The fair spanned over four hundred acres of (mostly landfill) land on the shores of Lake Michigan, and received more than 48 million visitors in the two years it was open. Originally it was to be open for 150 days then closed and dismantled; its immense popularity caused it to be reopened in May 1934, remaining until the end of October.

The true international character of the Exposition is indicated by the dramatic and exotic
displays from foreign nations. In response to the invitation of the United States many nations
are participating officially while others are represented by some phase of their industrial,
social, or cultural life.

Many thousands of exhibits were displayed at the fair, in many categories including art, science, architecture, technology, and accomplishments of individual countries; each that attended had their own display areas. These countries included Italy, Mexico, Great Britain, China and parts of Scandinavia. Many individual companies had their own displays as well, some in representation of their country of origin.

Here in the making, through years of financial crisis, was a several million dollar public
enterprise going forward steadily along lines not experienced in the history of our national
expositions. A Century of Progress was completed without one cent of taxation being imposed
upon an already heavily burdened citizenry.

A Century of Progress was the first international event to be paid for entirely by private funds. Corporate sponsors and a handful of the wealthiest citizens of Chicago paid for the show - contrast this to the Columbian Exposition which relied heavily on grants from various government agencies. A Century of Progress was actually also a non-profit organisation set up purely to "[hold] a World's Fair in Chicago in the year 1933".

Bold splashes of colour seem almost articulate with the spirit of carnival, a flaming expression
of fun and frivolity which is of the very essence of a Fair. "It would be incongruous
to house exhibits showing man's progress in the past century in a Greek temple of the age
of Pericles, or a Roman villa of the time of Hadrian,"

Aside from the individual exhibitions presented by the various participants, there remained the core site, which was designed as a model city of the future with clean lines and a 'hi-tech' style. Virtually all the constructions contained some element of reaching upwards, and all incorporated a marked focus on colour, new lighting concepts and the idea of movement and ascension to new heights. Whereas the Columbian Exposition conveyed its message through murals and relief designs on the outside of the buildings, for the most part the constructions at A Century of Progress did so entirely with use of form and colour.

The ascension theme was exemplified by the General Motors building with its gold-coloured concrete finger pointing to the sky, and especially the "Sky Ride", which was both an amusement ride and a means of transportation at the site. It consisted of two latticed towers 1850ft apart, which at the time were the tallest structures in Chicago. Suspended by wires 210ft above the lagoon that divided the site, glass-sided cable cars (called "Rocket Cars") would carry passengers across, commanded by certified pilots. Each of the two towers also had an observation deck at the top. This was reached by the "Skyride" elevators, which made the 628ft trip in less than a minute.

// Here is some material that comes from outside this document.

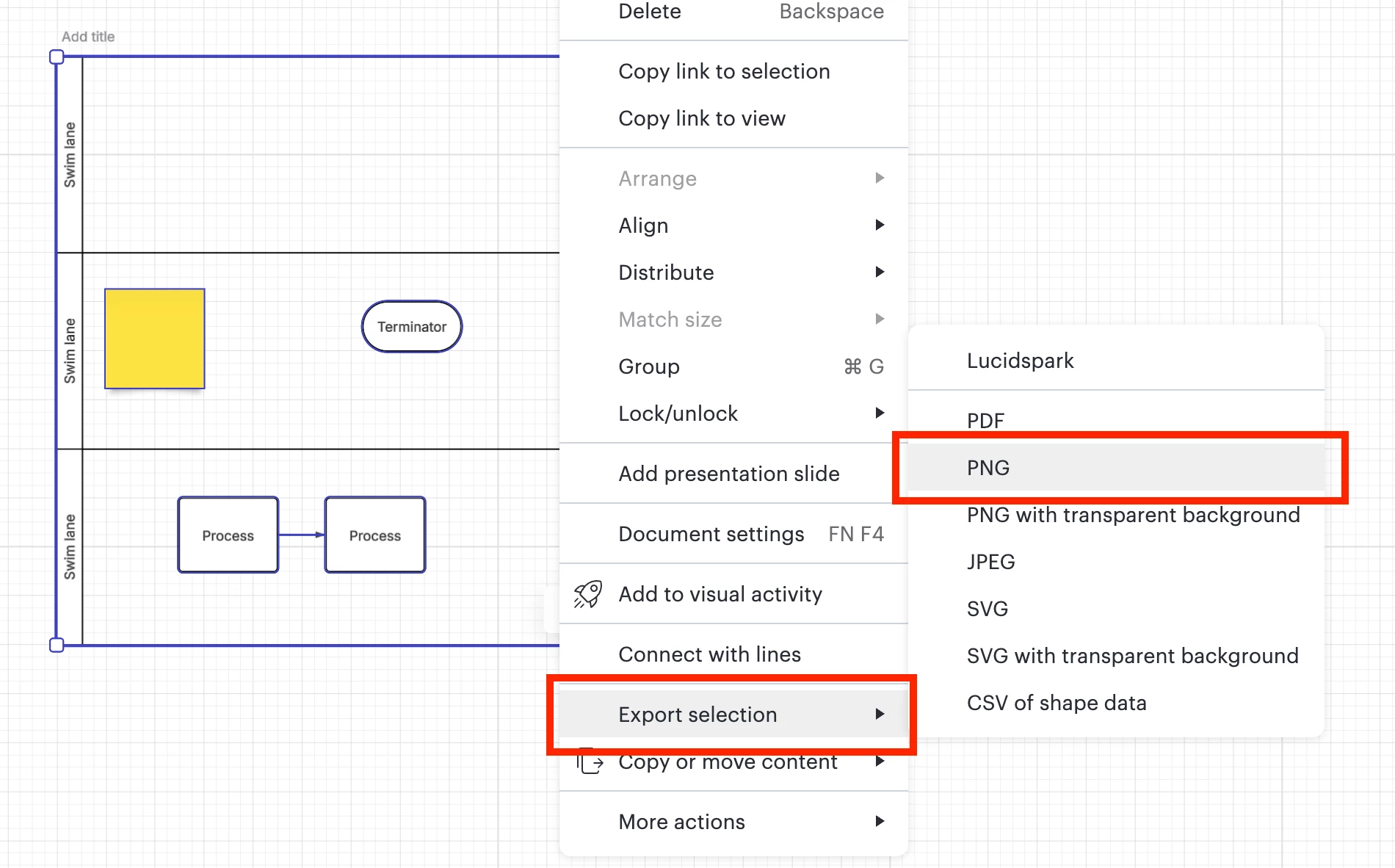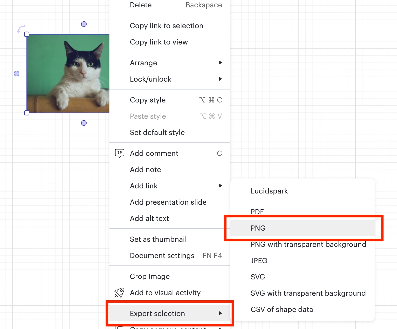 Select → copy → paste to document (Intuitive, convenient and supported by many other competitive tools but not Lucid)

Many attractions and artefacts of various novelty were shown at the 1933 World's Fair, and more had been added by its conclusion in 1934. Several of these came from manufacturing companies, including possibly the largest thermometer ever, The Great Halvoline Thermometer: a 200-foot tower with neon temperature gauges on its three equally-spaced faces (though probably not a world record because strictly speaking it was not actually a thermometer - it was lighting, controlled by a master thermometer). Many of the attending companies demonstrated their production processes and new products to the attendees - including the infamous Dymaxion Airflow - a hugely ambitious (and esoteric) car designed by Buckminster Fuller, who also premiered the Dymaxion House at A Century of Progress. Several glorified workplaces were constructed at the site including the GM building which incorporated an entire Chevrolet production line, and the Hollywood section of the fair which included soundstages, broadcasting studios and several outdoor sets on which motion pictures were filmed daily.

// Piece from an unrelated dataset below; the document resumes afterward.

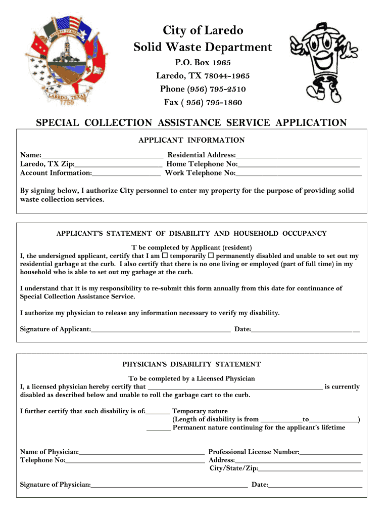 City of Laredo Solid Waste Department P.O. Box 1965 Laredo, TX 780441965 Phone (956× 7952510 Fax (956× 7951860 SPECIAL COLLECTION ASSISTANCE SERVICE APPLICATION APPLICANT INFORMATION Name: Residential

Mindful of the forward-looking spirit of the World's fair of 1933, most of the countries
participating have blended, in interesting and dramatic fashion, modern day scientific
accomplishments with the ancient arts. Nine nations are exhibiting officially in response
to the President's invitation; four more are displaying their arts, sciences, industries or

Many countries from all over the world responded to the invitation from FDR to present their cultures at the fair. These countries included Japan, Italy, Sweden, Egypt, Czechoslovakia and China. Many constructed their pavilions in demonstration of their typical architectures, and inside displayed artefacts and presentations of their respective ways of life. China's exhibits included a precise replica of a seven-storey temple from that country. It stood 50 inches high, and was carved out of a single block of jade. Even with the work of many individuals, the model took more than 10 years to complete.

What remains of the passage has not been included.